8月2日*たまご*
『ふおぉぉ』
瞳を輝かせて、ボウルの中を覗き込む名前。
「めずらしいですね」
名前の驚きのリアクションに、賛同しながら微笑む草壁。
台所で、3時のおやつにホットケーキを作ろうとボウルへと割った一つの卵。
『きいろが、にこぉぉぉあるよぉ』
「双子ですね」
一つの卵を割って出てきた2つの黄身の卵を初めて見た名前は、瞳をキラキラ輝くように大きく見開いて、触ってみたいなぁ…と、ちょっと指を伸ばすものの…ぐっと我慢。
この素敵な出来事をもっともっと楽しみたい。
『てつさん、かして?』
「卵ですか?」
『うん。きょうやくんにね、みしてあげんの』
そう言うと、名前には少し大きいボウルを両手に抱え、パタパタと台所を出て行ってしまった。
「あ…転ばなければいいが…」
手にしたボウルを嬉しそうに覗きながら廊下を走る名前に、ヒバードがパタパタと飛んで近付いて来た。
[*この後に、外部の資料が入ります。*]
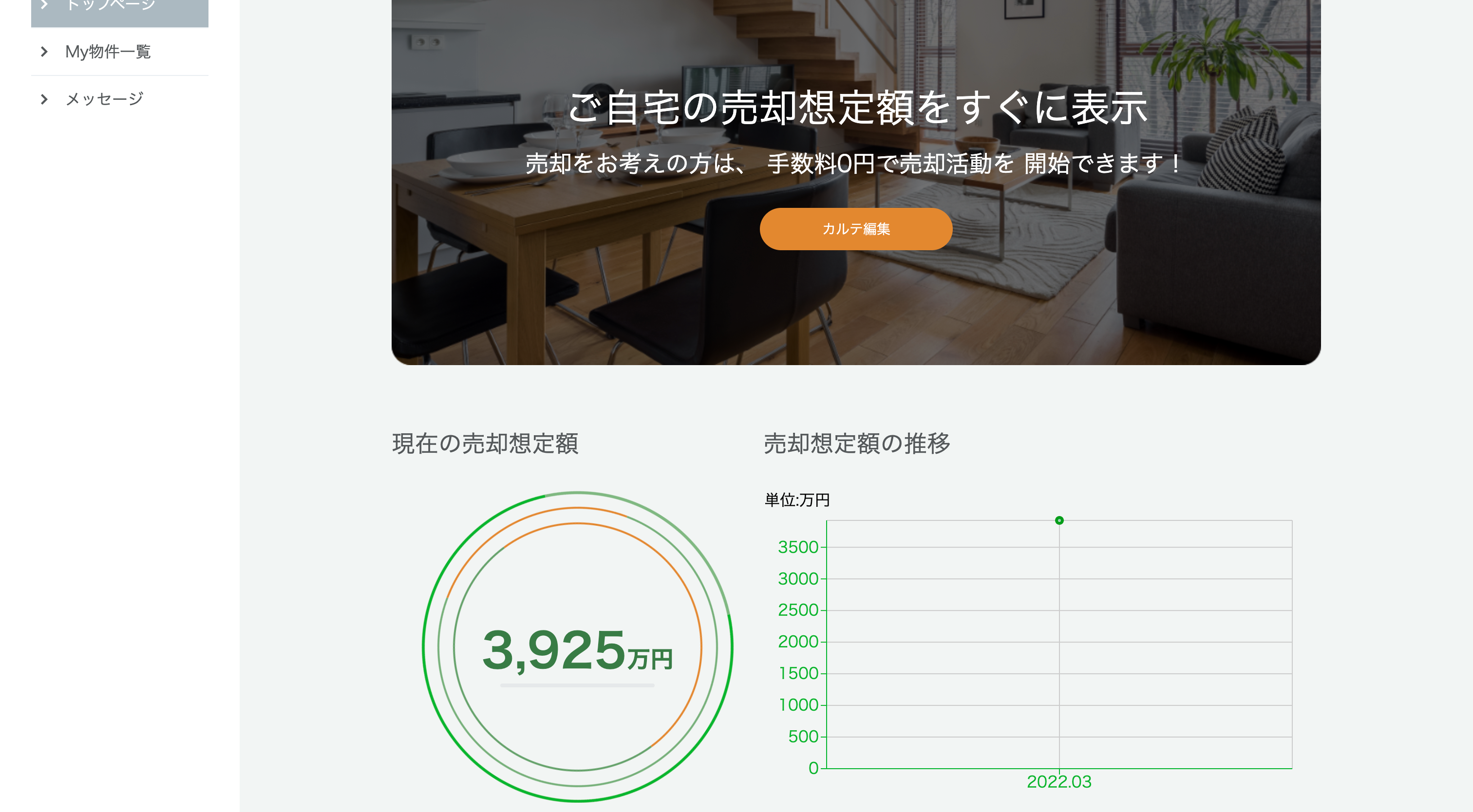 - 物件情報を入力するか「重要事項説明書」をスマホで撮影すると、実際に家を売る際の売却想定額が算出されます。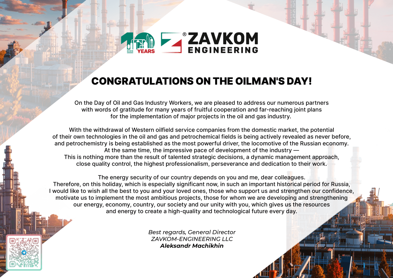 On the Day of Oil and Gas Industry Workers, we are pleased to address our numerous partners with words of gratitude for many years of fruitful cooperation and far-reaching joint plans for the implementation of major projects in the oil and gas industry.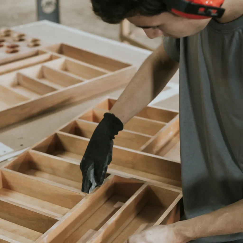 Combinando processos industriais e artesanais, conseguimos otimizar várias etapas de produção. Assim, quando recebemos o pedido, estamos com o processo adiantado, agilizando algumas etapas, e prontos para finalizar cada peça com as medidas e os materiais escolhidos. Isso nos permite garantir prazos curtos e altos volumes de produção, sem comprometer a qualidade de cada produto.

『あ〜ヒバードぉぉ、みてぇ、きいろがぁねぇ、にこあんだよぉぉ』
走りながらヒバードに勢い良くボウルを掲げれば、やはり予想通りの展開が。
ぐしゃ…
『あ…ぁぁぁ』
「で、廊下に広がるこれ何?」
名前に廊下へと連れて来られた雲雀は、廊下にベッタリと広がる哀れな残骸を見下ろす。
それを、ビクビクしながら上目使いで雲雀の顔を見上げる名前。
『とね、たまごぉ?』
なぜか疑問系。
「なんだか予想がつくけど、普通卵は廊下に広がらないよね」
なぜこんな事になったのか?
『とね、きいろにこねあったのぉぉ、きょうやくんに、みしてあげようとおったらね、おっこったらね、ぐしゃぁぁぁなったの』
落としただけで、この廊下の惨劇はどう言う事だろう?
黄身と白身が混ざりあったものが廊下に広がり飛び散って、名前の手と服も卵まみれになっている。
「落としただけでこうなる?」
そう聞けば、名前なりの説明が開始される。
それによれば、落とした時は辛うじて黄身が2つあり、それをボウルに戻そうとしゃがんで手にしたが、柔らかい黄身を名前が上手く取れる筈もなく…グシャリと手の中で潰れてしまい、ショックで勢いよく立ち上がった時に、今度は白身を踏んでズルリと転んで、手の中で崩れ黄身が転んだ拍子に更に飛び散って、また立ち上がる時に、黄身がついた手で廊下にペタリと触れ、手に残った黄身をズルリと廊下に広げた。
と…いう事を、たどたどしくも懸命に伝える。
はぁ…。
雲雀のため息に、しゅんとしながら小さな声で『ごめんなさい』と落ち込む。
雲雀は大きいバスタオルを持って来ると、バスタオルで名前をくるんで抱きかかえる。
『ほえ?』
「顔も、体もベタベタだから洗わないと」
汚れた顔で『えへへ』と頭を掻き、手に付いた汚れが髪にも移る。
はぁ…。
抱きかかえた名前のおでこを、呆れ顔でコツンと指で突っつけば、名前はおでこを卵まみれの手で押さえながら、ヘラリと笑顔を雲雀に向ける。
「まったく、名前は、本当にいつも僕を楽しませてくれるよ」
えへへへ。
卵の惨劇の犯人は、楽しませてくれると言う言葉を素直に受けとめ、褒められたと嬉しそに笑う。
「褒めてない…」
『う?ちがう???お??』
また溜息を一つ付くものの、雲雀の気分はそう悪くもない。
「今度から、持って来ないで呼びに来なよ」
『うん!』
分かっているのかいないのか?とりあえず返事だけは元気な名前。
この後、汚れた廊下を、「やはりこうなったか」と苦笑しながら草壁が掃除をしたのは言うまでもない。